Task material:
···
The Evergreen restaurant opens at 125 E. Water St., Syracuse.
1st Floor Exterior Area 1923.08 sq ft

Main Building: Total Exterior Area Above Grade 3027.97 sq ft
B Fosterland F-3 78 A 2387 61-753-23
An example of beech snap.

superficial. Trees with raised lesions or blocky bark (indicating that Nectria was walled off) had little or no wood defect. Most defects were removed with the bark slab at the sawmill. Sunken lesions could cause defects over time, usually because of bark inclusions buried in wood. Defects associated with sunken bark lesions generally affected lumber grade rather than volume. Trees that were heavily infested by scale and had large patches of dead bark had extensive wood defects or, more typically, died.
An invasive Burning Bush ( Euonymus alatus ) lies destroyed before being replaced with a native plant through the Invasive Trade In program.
···
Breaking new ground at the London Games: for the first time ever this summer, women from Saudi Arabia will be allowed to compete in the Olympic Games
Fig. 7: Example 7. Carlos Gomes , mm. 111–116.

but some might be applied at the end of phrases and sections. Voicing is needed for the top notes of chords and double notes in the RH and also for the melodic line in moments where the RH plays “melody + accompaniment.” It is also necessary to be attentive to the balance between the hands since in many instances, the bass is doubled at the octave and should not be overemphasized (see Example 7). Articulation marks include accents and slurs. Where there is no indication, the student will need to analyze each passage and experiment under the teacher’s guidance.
···
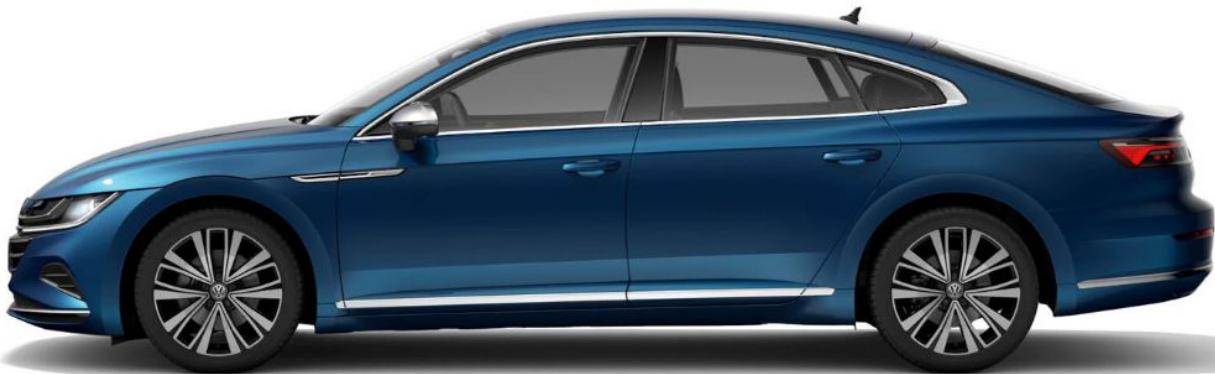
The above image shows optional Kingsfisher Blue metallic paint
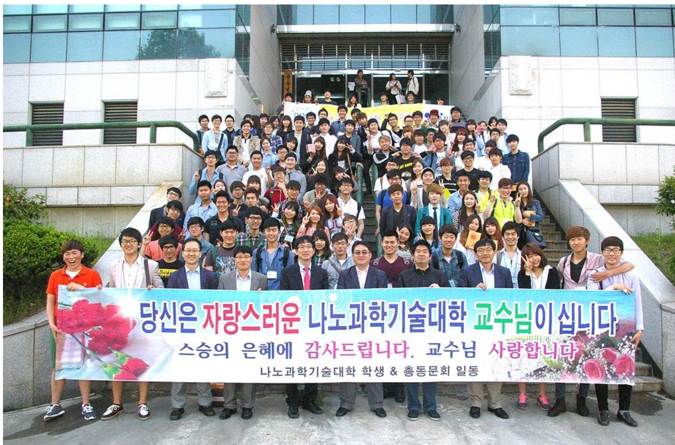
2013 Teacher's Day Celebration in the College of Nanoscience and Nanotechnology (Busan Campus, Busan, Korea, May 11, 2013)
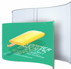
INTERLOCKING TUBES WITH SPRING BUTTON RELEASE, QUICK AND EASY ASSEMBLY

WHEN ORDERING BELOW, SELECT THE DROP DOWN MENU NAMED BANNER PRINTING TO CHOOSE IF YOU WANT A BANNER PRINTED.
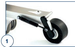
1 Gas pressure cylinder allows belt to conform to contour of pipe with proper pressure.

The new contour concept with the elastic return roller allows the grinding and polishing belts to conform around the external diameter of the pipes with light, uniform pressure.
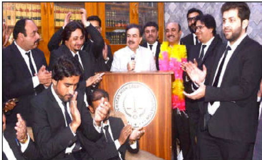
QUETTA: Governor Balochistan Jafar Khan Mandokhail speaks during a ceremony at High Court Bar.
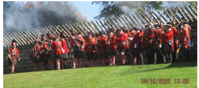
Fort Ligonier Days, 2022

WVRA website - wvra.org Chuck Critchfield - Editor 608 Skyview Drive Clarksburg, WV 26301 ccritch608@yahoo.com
···
Aim of the exercise: Taking the records above, print only and exactly the lines from the line with "QUETTA: Governor Balochistan" to the line with "WVRA website - wvra.org", both kept, and exclude pictures.

Expected output:
QUETTA: Governor Balochistan Jafar Khan Mandokhail speaks during a ceremony at High Court Bar.
Fort Ligonier Days, 2022

WVRA website - wvra.org Chuck Critchfield - Editor 608 Skyview Drive Clarksburg, WV 26301 ccritch608@yahoo.com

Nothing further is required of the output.